Instructor doesn't expose an easy way to see or use the raw arguments that Instructor finally sends over to a language model: #907, #767, #888 (comment))

This PR is a sketch of an idea that solves this problem in a way that:

  • Allows instructor clients to receive these arguments and do whatever they want with them, every time instructor calls out to an language model provider (including every retry).
  • Doesn't require first-class integrations between a third party logging service and an underlying client for logging.
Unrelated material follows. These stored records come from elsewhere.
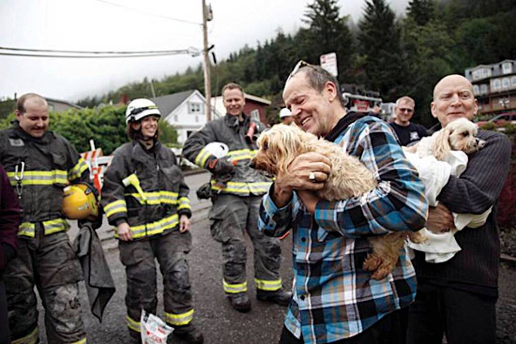 Ketchikan Fire Department firefighters with heroic efforts Sunday brought joy and some relief to the community as it grieves the loss of life and homes caused by the landslide above town on Aug. 25 with the dramatic rescue of two small dogs thought to have been lost a week earlier in the incident.
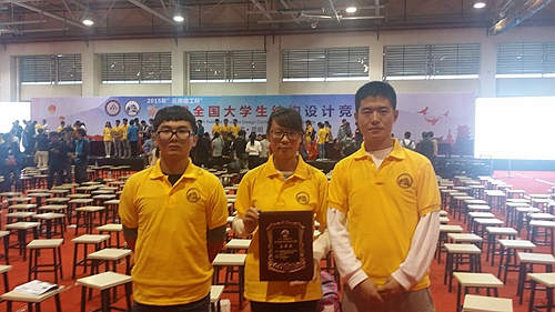 在于来自包括清华大学、哈尔滨工业大学、同济大学在内的109所高校110支竞赛队伍竞技之后,伟德官网土木学院土木工程专业2013级学生姜超、张庆龙、王悦组成的“筑梦”代表队获二等奖,临沂校区土建工程系土本135班周文静、杨德仁、田文栋组成的代表队获三等奖,杨厚明、滕翠翠获“优秀指导教师”。
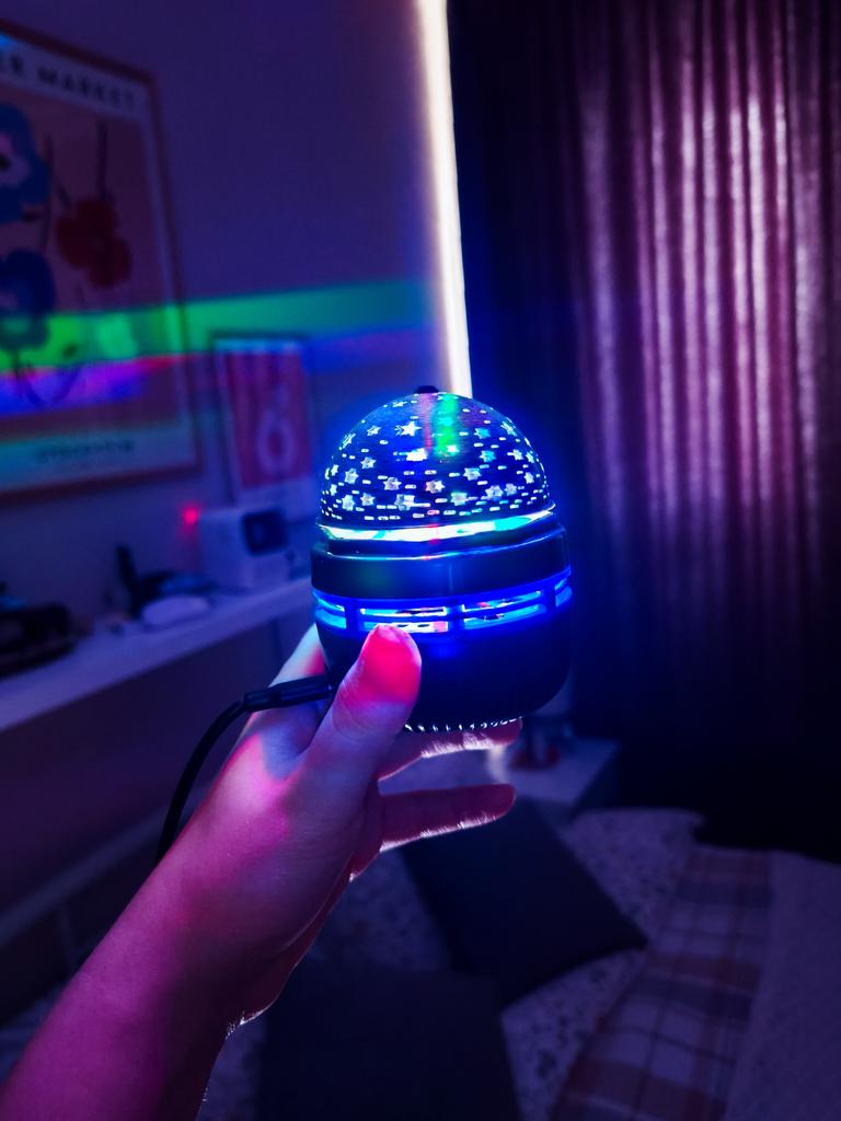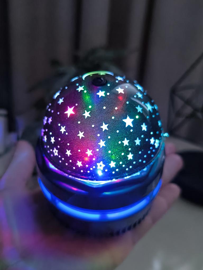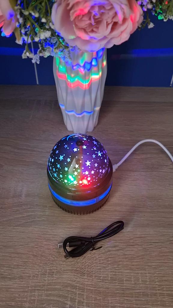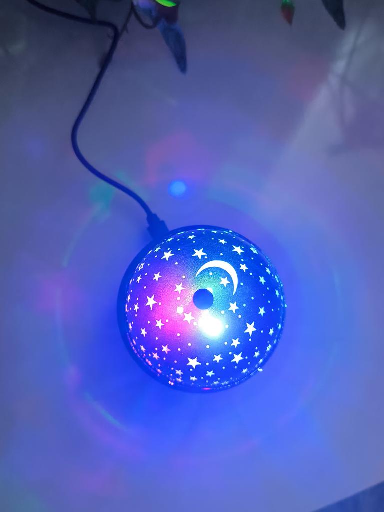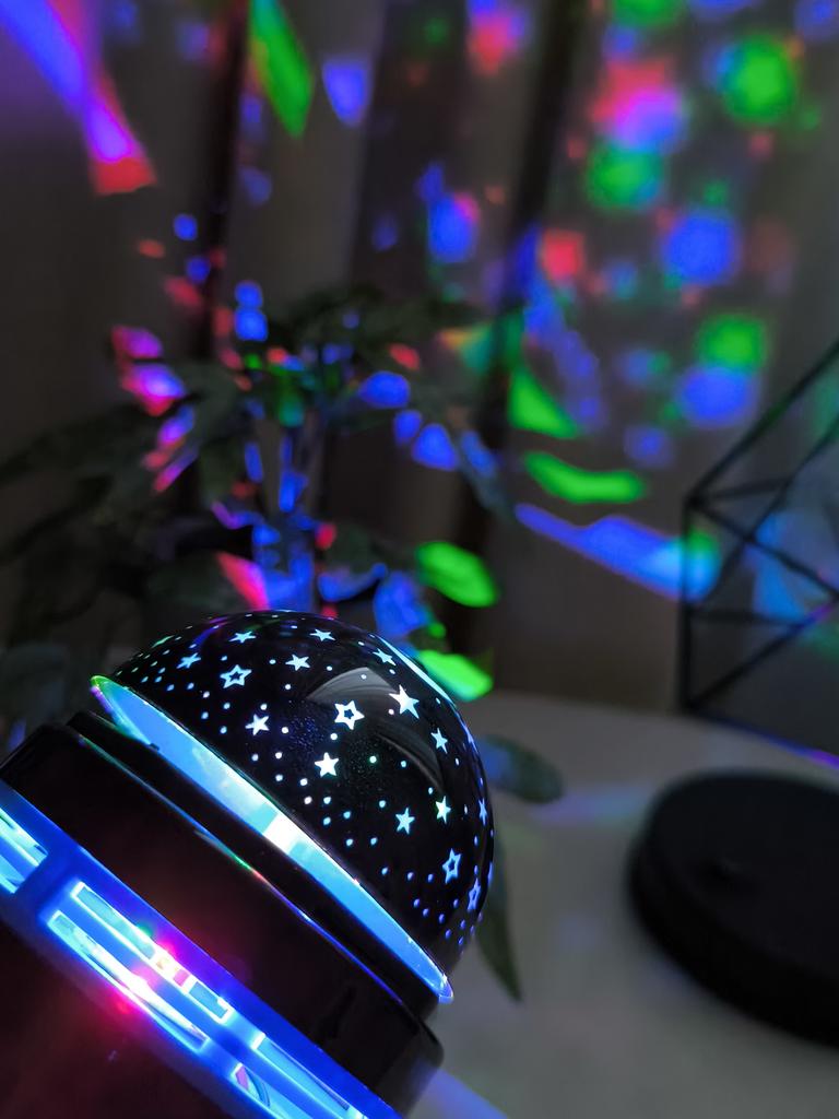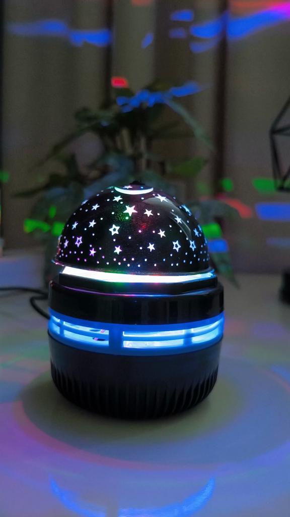 This mini projector is a great way to add atmosphere to a room without extra cost. Here's a brief review of the LED Mini Magic Ball: 🌟 Key Features * 2 in 1: Combines the functions of a 'starry sky' (through perforations in the upper part) and a disco ball with multi-colored highlights. * Power: Works via USB cable, which is convenient — you can connect it to a power bank, laptop, or a regular phone adapter. ✅ Pros * Brightness: The photo shows that the colors (blue, red, green) are quite saturated and apply well to walls and curtains. * Mobility: Thanks to USB power, it can be taken anywhere. * Effect: Creates a cozy or festive atmosphere in seconds. This is a cool budget gadget for home parties, chill zones, or as a night light. For its price, it does the job 100%.

It does this by allowing users to pass in a callback, like so:

def log_llm_args(args: list[Any], kwargs: dict[str, Any]):
    logger.info(f"LLM args: {args}")
    logger.info(f"LLM kwargs: {kwargs}")


def main():
    client = instructor.from_anthropic(
        Anthropic(api_key=os.getenv("ANTHROPIC_API_KEY"))
    )

    user_info = client.chat.completions.create(
        model="claude-3-haiku-20240307",
        response_model=UserInfo,
        messages=[
            {
                "role": "system",
                "content": "You are an expert at extracting information about users from sentences.",
            },
            {"role": "user", "content": "John Doe is 30 years old."},
        ],
        max_tokens=4096,
        max_retries=3,
        provider_args_callback=log_llm_args, # This will get called every time `instructor` calls out to an LLM provider with the same args/kwargs.
    )

    print(user_info.name)
    print(user_info.age)


if __name__ == "__main__":
    main()

The code below is a working implementation for Anthropic's synchronous client, that applies to create and create_with_completion.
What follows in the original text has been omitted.